The one where Tyrion let Jamie go.

Otherwise, there were a lot of dumb things.

Tyrion only makes poor decisions, now. Jon's failure to effectively deal with his sister or his aunt puts the lie to everyone's claim that he'd be a terrific king - sorry, Varys, you were wrong and you really overplayed your hand. Euron is a watered-down caricature of your agent of anarchy archetype (e.g. The Joker) - he makes me miss Ramsey. Why are all these medieval people acting like peasant-loving humanists? Eight seasons in, and this stuff rocks them to their cores?

The big "twist" actually made sense, but I didn't really care.

Dany's actions make a lot more sense in the context of a medieval military leader. She's surrounded by traitors and morons, and everyone she trusted is now dead. Her lover is repulsed by her. Dany's isolated and she's been heavily-provoked. The burning of King's Landing was awful, gratuitous and counterproductive, but it wasn't a shocking turn of events.

But I don't have any stake in these characters anymore. Jon and Dany's romance was unconvincing before they knew about their blood relations. The protagonists aren't awful people, but there's nobody I'm really rooting for. The characters that I care about seem to have run out of dramatic arcs. There's Plot left to happen, but the characters are just riding it out, and so am I.
 
Jon's failure to effectively deal with his sister or his aunt puts the lie to everyone's claim that he'd be a terrific king - sorry, Varys, you were wrong and you really overplayed your hand.

I suspect that Varys' idea of a good king is one who shuts up, looks pretty in a crown and does what his advisors tell him. Of course he thinks Jon would be ideal. :tongue:

I also think Varys is quite perceptive of the current monarch's failings, but keeps projecting his own hopes on the next candidate. He thought Viserys would make a good king, once. And then it was Dany who was going to fix everything. And now it's Jon.

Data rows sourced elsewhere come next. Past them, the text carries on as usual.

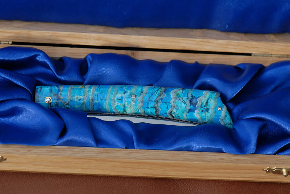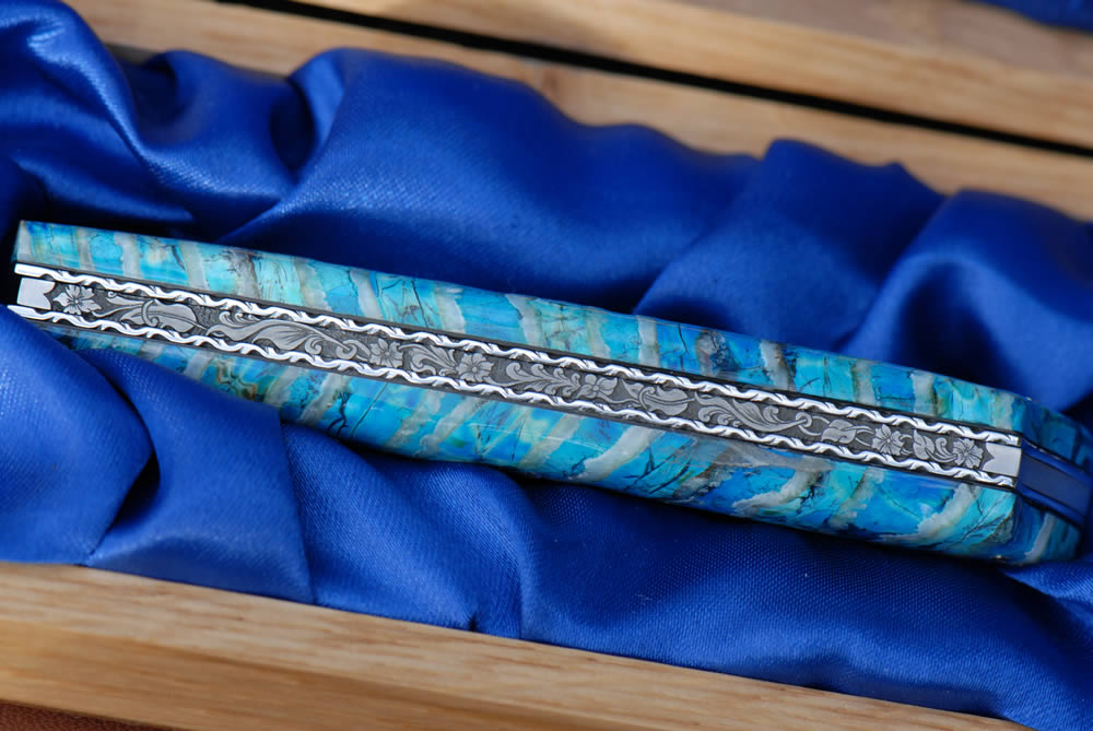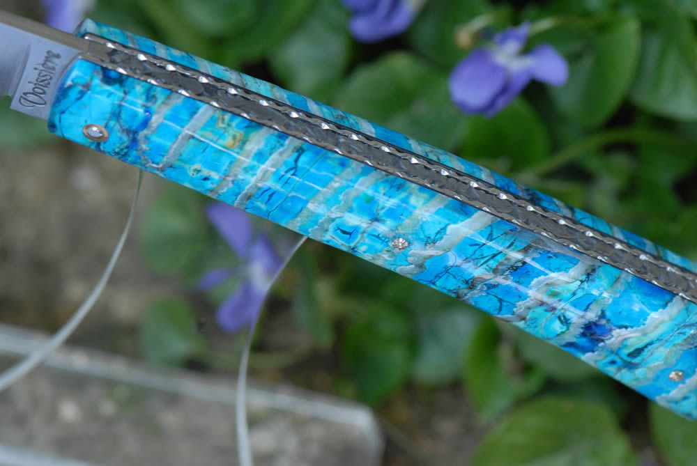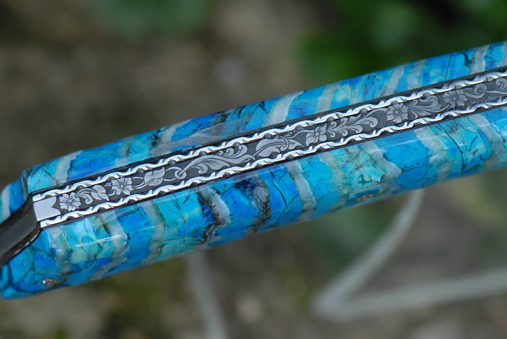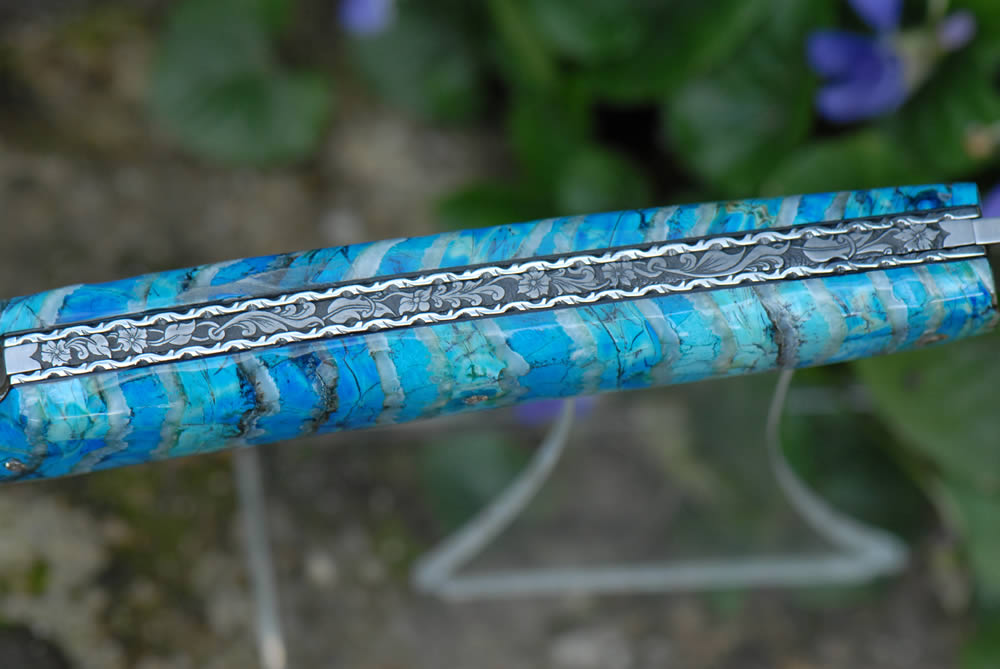 Mandrin 12cm 1 pièce plein manche en molaire de mammouth bleu. Lame 12c27. Gravure "fleur baroque" sur le ressort.
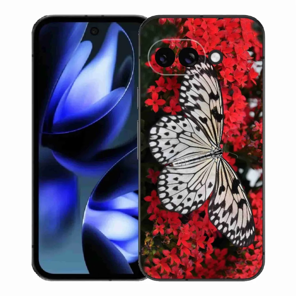 Rugalmas zselés tok mmCase a Google Pixel 9a képével - fekete-fehér pillangó 1
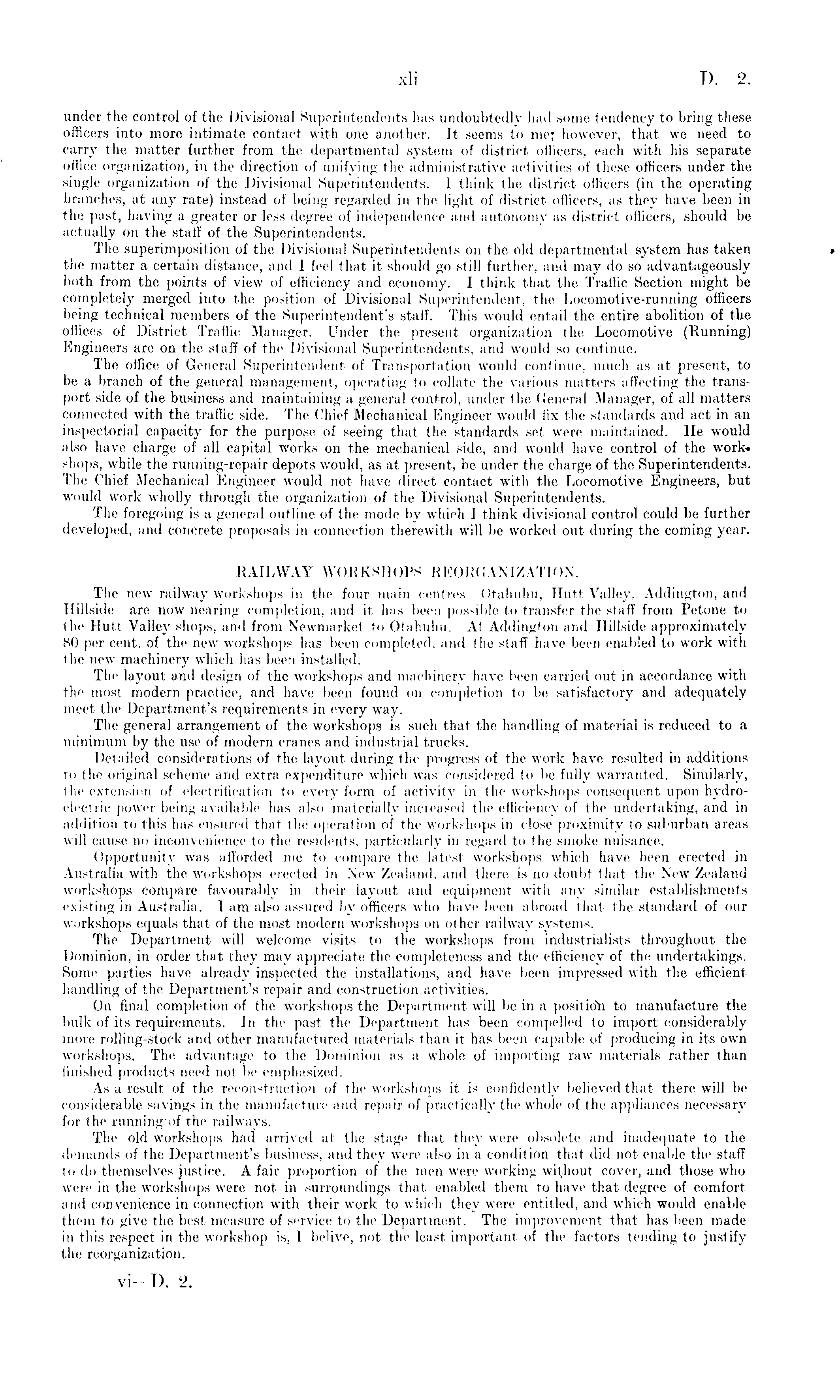 under the control of the Divisional Superintendents has undoubtedly had some tendency to bring these officers into more intimate contact with one another. It seems to me; however, that we need to carry the matter further from the departmental system of district officers, each with his separate office organization, in the direction of unifying the administrative activities of these officers under the single organization of the Divisional Superintendents. I think the district officers (in the operating branches, at any rate) instead of being regarded in the light of district officers, as they have been in the past, having a greater or less degree of independence and autonomy as district officers, should be actually on the staff of the Superintendents. The superimposition of the Divisional Superintendents 011 the old departmental system has taken the matter a certain distance, and I feel that it should go still further, and may do so advantageously both from the points of view of efficiency and economy. I think that the Traffic Section might be completely merged into the position of Divisional Superintendent, the Locomotive-running officers being technical members of the Superintendent's staff. This would entail the entire abolition of the offices of District Traffic Manager. Under the present organization the Locomotive (Running) Engineers are on the staff of the Divisional Superintendents, and would so continue. The office of General Superintendent of Transportation would continue, much as at present, to be a branch of the general management, operating to collate the various matters affecting the transport side of the business and maintaining a general control, under the General Manager, of all matters connected with the traffic side. The Chief Mechanical Engineer would fix the standards and act in an inspectorial capacity for the purpose of seeing that the standards set were maintained. He would also have charge of all capital works on the mechanical side, and would have control of the work* shops, while the running-repair depots would, as at present, be under the charge of the Superintendents. The Chief Mechanical Engineer would not have direct contact with the Locomotive Engineers, but would work wholly through the organization of the Divisional Superintendents. The foregoing is a general outline of the mode by which I think divisional control could be further developed, and concrete proposals in connection therewith will be worked out during the coming year. RAILWAY WORKSHOPS REORGANIZATION. The new railway workshops in the four main centres —Otahuhu, Hutt Valley, Addington, and Hillside—are now nearing completion, and it has been possible to transfer the staff from Petone to the Hutt Valley shops, and from Newmarket to Otahuhu. At Addington and Hillside approximately 80 per cent, of the new workshops has been completed, and the staff have been enabled to work with the new machinery which has been installed. The layout and design of the workshops and machinery have been carried out in accordance with the most modern practice, and have been found on completion to be satisfactory and adequately meet the Department's requirements in every way. The general arrangement of the workshops is such that the handling of material is reduced to a minimum by the use of modern cranes and industrial trucks. Detailed considerations of the layout during the progress of the work have resulted in additions to the original scheme and extra expenditure which was considered to be fully warranted. Similarly, the extension of electrification to every form of activity in the workshops consequent upon hydroelectric power being available has also materially increased the efficiency of the undertaking, and in addition to this has ensured that the operation of the workshops in close proximity to suburban areas will cause no inconvenience to the residents, particularly in regard to the smoke nuisance. Opportunity was afforded me to compare the latest workshops which have been erected in Australia with the workshops erected in New Zealand, and there is no doubt that the New Zealand workshops compare favourably in their layout and equipment with a,nv similar establishments existing in Australia. lam also assured by officers who have been abroad that the standard of our workshops equals that of the most modern workshops on other railway systems. The Department will welcome visits to the workshops from industrialists throughout the Dominion, in order that they may appreciate the completeness and the efficiency of the undertakings. Some parties have already inspected the installations, and have been impressed with the efficient handling of the Department's repair and construction activities. Oil final completion of the workshops the Department will be in a position to manufacture the bulk of its requirements. In the past the Department has been compelled to import considerably more rolling-stock and other manufactured materials than it has been capable of producing in its own workshops. The advantage to the Dominion as a whole of importing raw materials rather than finished products need not be emphasized. As a result of the reconstruction of the workshops it is confidently believed that there will be considerable savings in the manufacture and repair of practically the whole of the appliances necessary for the running of the railways. The old workshops had arrived at the stage that they were obsolete and inadequate to the demands of the Department's business, and they were also in a condition that did not enable the staff to do themselves justice. A fair proportion of the men were working without cover, and those who were in the workshops were not in surroundings that enabled them to have that degree of comfort and convenience in connection with their work to which they were entitled, and which would enable them to give the best measure of service to the Department. The improvement that has been made in this respec
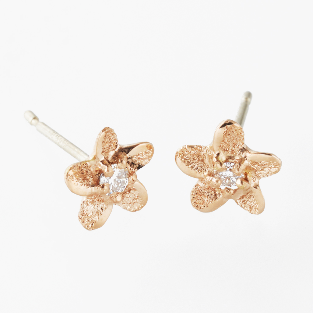 こちらのピアスはプルメリアの真ん中に誕生石がセッティングされているデザインになっています。
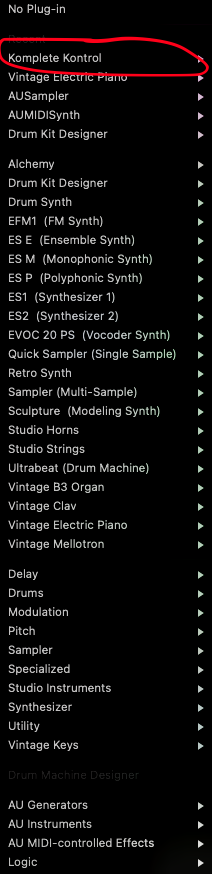 - Komplete Kontrol doesn't show up anywhere when creating a new software instrument track (pic 2)
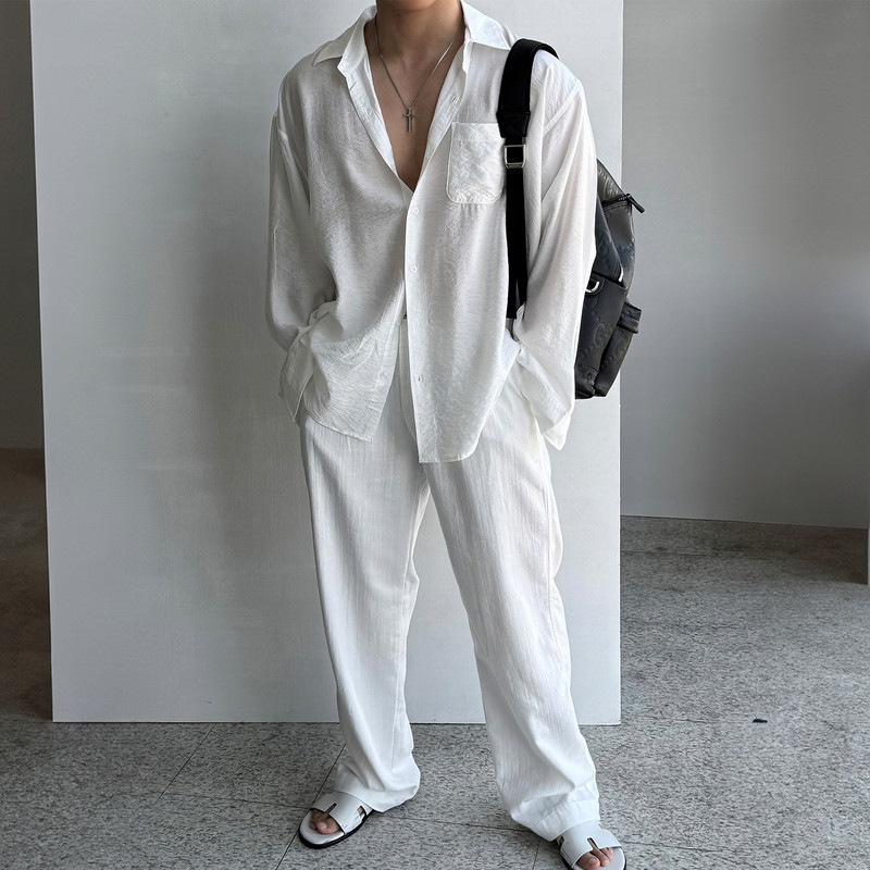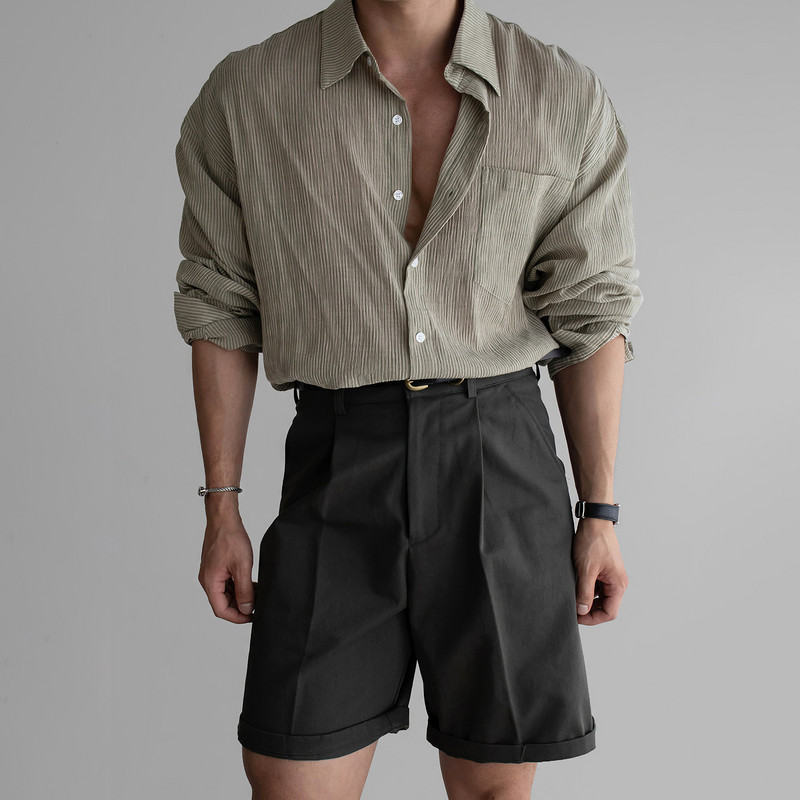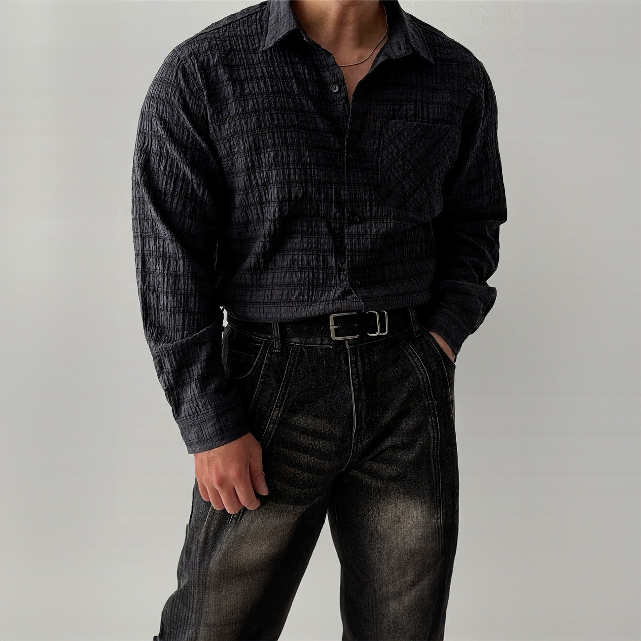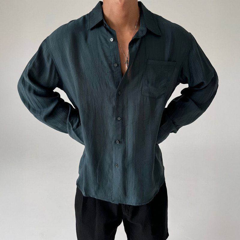 夏季轻熟风肌理感长袖衬衫男士美式小众设计宽松百搭免烫商务衬衣
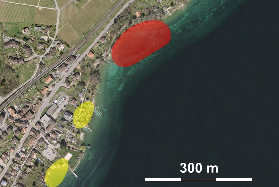 Diese weitläufige Seeufersiedlung, die in einer kleinen Bucht erhalten geblieben ist, wurde nicht ausgegraben. Das Pfahlfeld mit fast 5000 Pfählen ist vollständig unter Wasser und reicht bis zum heutigen Ufer. Es wurde erstmals 1909 erwähnt. Abgesehen von den Pfählen, die aus dem Seeboden herausragen, ist die Fundstelle durch einen Kieshügel (Tenevière) gekennzeichnet, der zahlreiche archäologische Objekte enthält, darunter polierte Steinäxte, Werkzeugschäfte aus Hirschgeweih, Fragmente grober Keramik usw. Die dendrochronologische Datierung von acht Holzproben scheint auf zwei aufeinanderfolgende Besiedlungen in der mittleren Jungsteinzeit hinzudeuten, die erste in der klassischen Cortaillod-Kultur zwischen 3841 und 3817 v. Chr., die zweite in der späten Cortaillod-Kultur zwischen 3531 und 3528 v. Chr. Im Jahr 2015 ergab eine systematische topografische Vermessung der an der Oberfläche sichtbaren Pfähle, dass die Ausdehnung der Fundstelle viel grösser ist als zuvor angenommen. So wurden 4834 Pfähle auf einer Fläche von 7000 m² gezählt. Der unterschiedliche Erhaltungszustand der Pfähle lässt auf eine Besiedlung im klassischen Cortaillod im Osten und im späten Cortaillod im Westen schliessen, da diese besser vor Erosion geschützt waren.
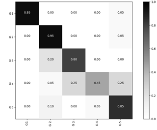Finally, a confusion matrix was computed using a total set of 5 gestures (Fig. 7). As it can be observed, almost all the gestures have a rate recognition above of 80%. Particularly, the gesture rotation reports some misclassifications because the kinematics similarities with the gestures 3 and 5. In general, the (3D + t ) motion trajectory demonstrates to be robust to represent kinematics gestures.
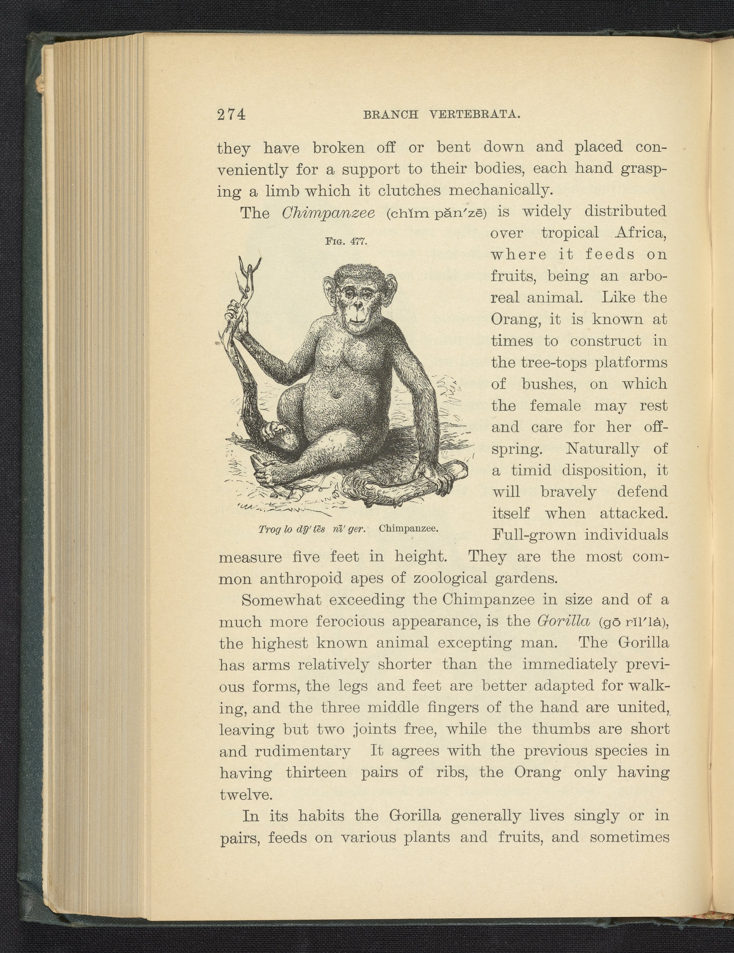 Steele, Joel Dorman, and Jenks, J. W. P. (John Whipple Potter). “Figure 477. Chimpanzee.” Popular Zoology. New York, New York: Chautauqua Press, 1887. https://digital.sciencehistory.org/works/qk6pf9k.
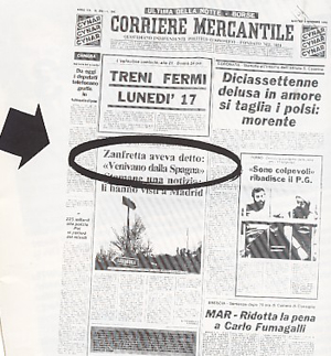 A la mañana siguiente, martes 04 diciembre 1979, la Agencia Internacional Ansa trasmitió a todas las redacciones de los diarios italianos el siguiente flash:

If Jon became king, I expect Varys would, to his great surprise, discover that Jon sucked at being king also.
 
I know people are being very critical of pretty much everything regarding this series but I was happy with how everything was resolved here. Jaimie's story didn't resolve how I thought it would but it worked for me. Also loved seeing Cercei's army get wiped out and the Hound's arc was well done.

I thought the last scenes with the ash covered face of Arya were reminscent of the Russian masterpiece on WWII Come and See. The horse imagery also reminded me of similar war imagery in Tarkovsky's Andrei Rublev. I womder if they were references or coincidences.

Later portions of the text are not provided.